About this task:
An exact repetition of the data below, without images, is the expected answer.

Stored records

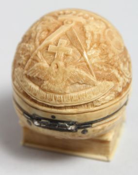 A CARVED BONE SKULL VERGE TABLE CLOCK, the movement by Massot, Geneva, 2.25ins.
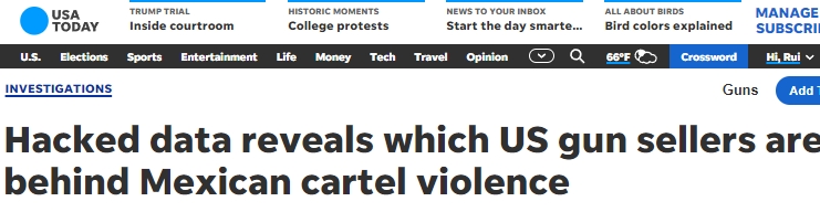 據(jù)《今日美國(guó)報(bào)》網(wǎng)站(USA Today)日前報(bào)道,此前墨西哥軍方情報(bào)遭到大規(guī)模泄露,其中涉及二十年來(lái)首次曝光的與從邊境南部收繳的7.8萬(wàn)支槍有關(guān)的信息,包括與之相關(guān)的美國(guó)槍支商店、走私者以及販運(yùn)槍支的類(lèi)型。
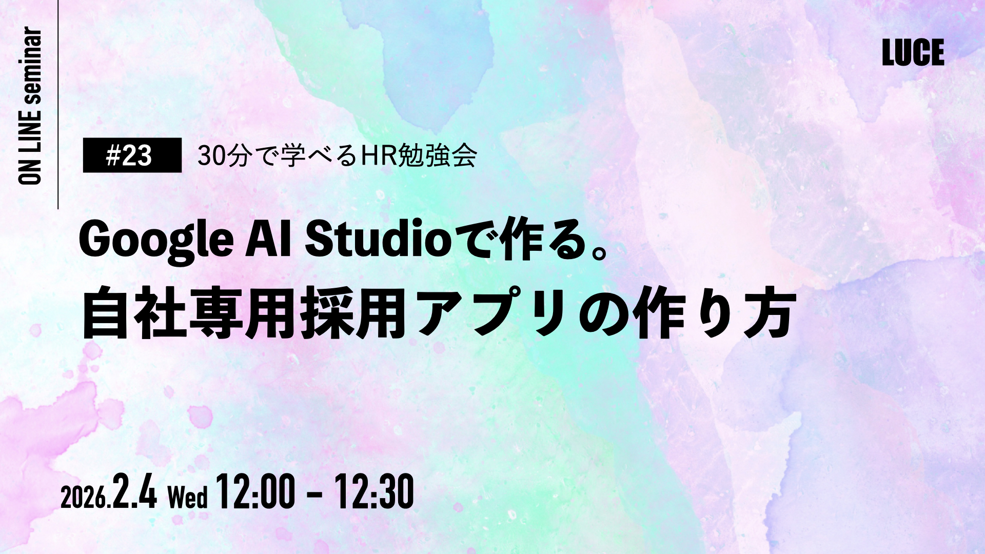 本セミナーでは、Google AI Studioを使って、自社の採用業務に合わせた「自社専用の採用アプリ(AIアシスタント)」を作る方法を、実演ベースで分かりやすく解説します。
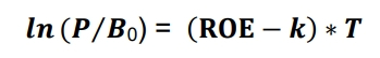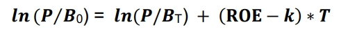 上述公式的含义:当前PB估值的自然对数,与预期ROE线性正相关、与投资者预期回报率k线性负相关。
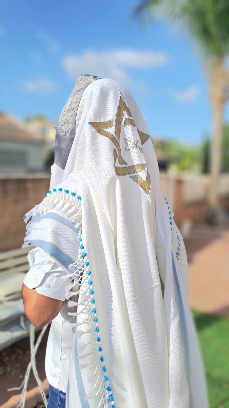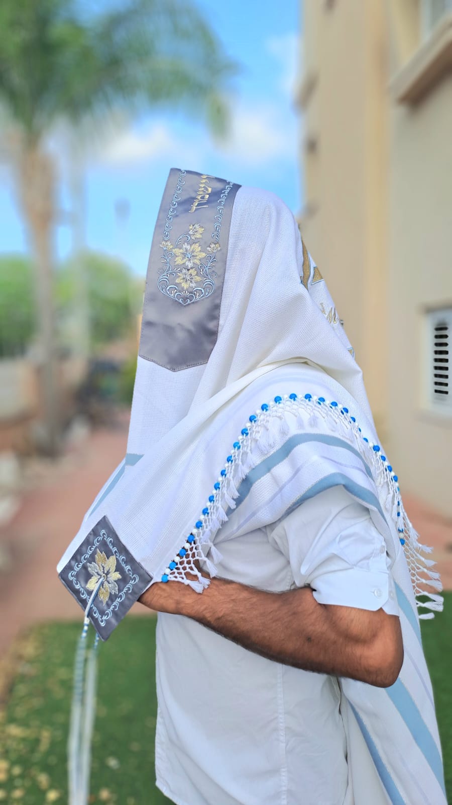 טלית מהודרת בעיצוב יוקרתי "זהב – כסף – תכלת"
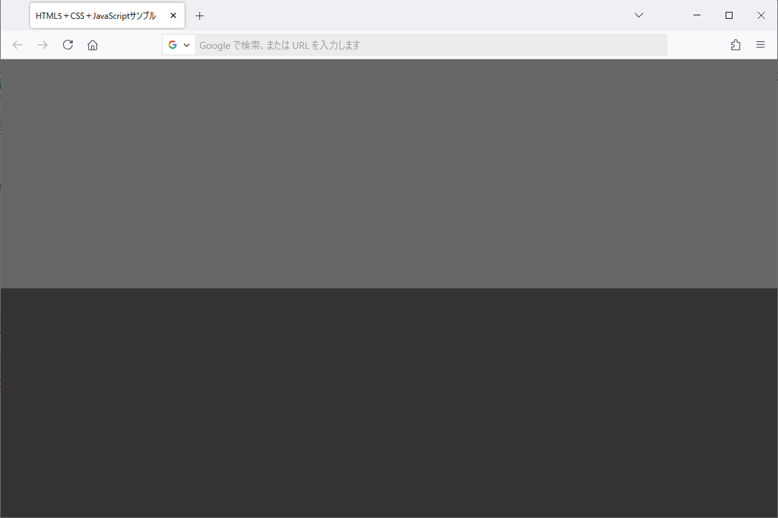 <script>~</script>タグでJavaScriptをコーディングします。document.querySelector("#upper")でIDが"#upper"のセレクタを取得し、ライトグレーの背景色にセットします。IDが"#lower"のセレクタを取得し、ダークグレーの背景色をセットします。

Result below:
 A CARVED BONE SKULL VERGE TABLE CLOCK, the movement by Massot, Geneva, 2.25ins.
 據(jù)《今日美國(guó)報(bào)》網(wǎng)站(USA Today)日前報(bào)道,此前墨西哥軍方情報(bào)遭到大規(guī)模泄露,其中涉及二十年來(lái)首次曝光的與從邊境南部收繳的7.8萬(wàn)支槍有關(guān)的信息,包括與之相關(guān)的美國(guó)槍支商店、走私者以及販運(yùn)槍支的類(lèi)型。
 本セミナーでは、Google AI Studioを使って、自社の採用業務に合わせた「自社専用の採用アプリ(AIアシスタント)」を作る方法を、実演ベースで分かりやすく解説します。
 上述公式的含义:当前PB估值的自然对数,与预期ROE线性正相关、与投资者预期回报率k线性负相关。
 טלית מהודרת בעיצוב יוקרתי "זהב – כסף – תכלת"
 <script>~</script>タグでJavaScriptをコーディングします。document.querySelector("#upper")でIDが"#upper"のセレクタを取得し、ライトグレーの背景色にセットします。IDが"#lower"のセレクタを取得し、ダークグレーの背景色をセットします。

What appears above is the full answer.